* Problem description: The answer is the set of lines that include "materials", copied from the data below.

* Task material:
= Beginning of Section =
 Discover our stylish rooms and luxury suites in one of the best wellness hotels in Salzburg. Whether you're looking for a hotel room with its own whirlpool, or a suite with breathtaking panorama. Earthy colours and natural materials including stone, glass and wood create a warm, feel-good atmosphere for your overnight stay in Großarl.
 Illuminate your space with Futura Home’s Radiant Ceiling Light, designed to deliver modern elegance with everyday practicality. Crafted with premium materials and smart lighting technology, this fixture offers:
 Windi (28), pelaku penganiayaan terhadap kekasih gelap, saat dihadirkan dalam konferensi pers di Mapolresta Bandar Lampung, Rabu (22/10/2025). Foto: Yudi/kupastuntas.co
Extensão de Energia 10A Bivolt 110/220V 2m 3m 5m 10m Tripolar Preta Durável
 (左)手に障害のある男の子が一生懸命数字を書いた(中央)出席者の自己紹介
= End of Section =
= Beginning of Section =
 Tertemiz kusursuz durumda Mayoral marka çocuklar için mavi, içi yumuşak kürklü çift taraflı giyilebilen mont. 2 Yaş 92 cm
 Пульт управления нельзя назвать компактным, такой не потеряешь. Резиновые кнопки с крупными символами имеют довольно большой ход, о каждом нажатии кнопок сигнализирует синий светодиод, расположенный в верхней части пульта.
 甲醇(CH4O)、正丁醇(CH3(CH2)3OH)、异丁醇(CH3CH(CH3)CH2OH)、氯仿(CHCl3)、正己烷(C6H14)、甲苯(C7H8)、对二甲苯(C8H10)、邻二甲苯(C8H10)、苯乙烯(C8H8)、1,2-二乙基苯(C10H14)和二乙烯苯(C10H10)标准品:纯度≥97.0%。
= End of Section =
* Exercise answer:
 Discover our stylish rooms and luxury suites in one of the best wellness hotels in Salzburg. Whether you're looking for a hotel room with its own whirlpool, or a suite with breathtaking panorama. Earthy colours and natural materials including stone, glass and wood create a warm, feel-good atmosphere for your overnight stay in Großarl.
 Illuminate your space with Futura Home’s Radiant Ceiling Light, designed to deliver modern elegance with everyday practicality. Crafted with premium materials and smart lighting technology, this fixture offers:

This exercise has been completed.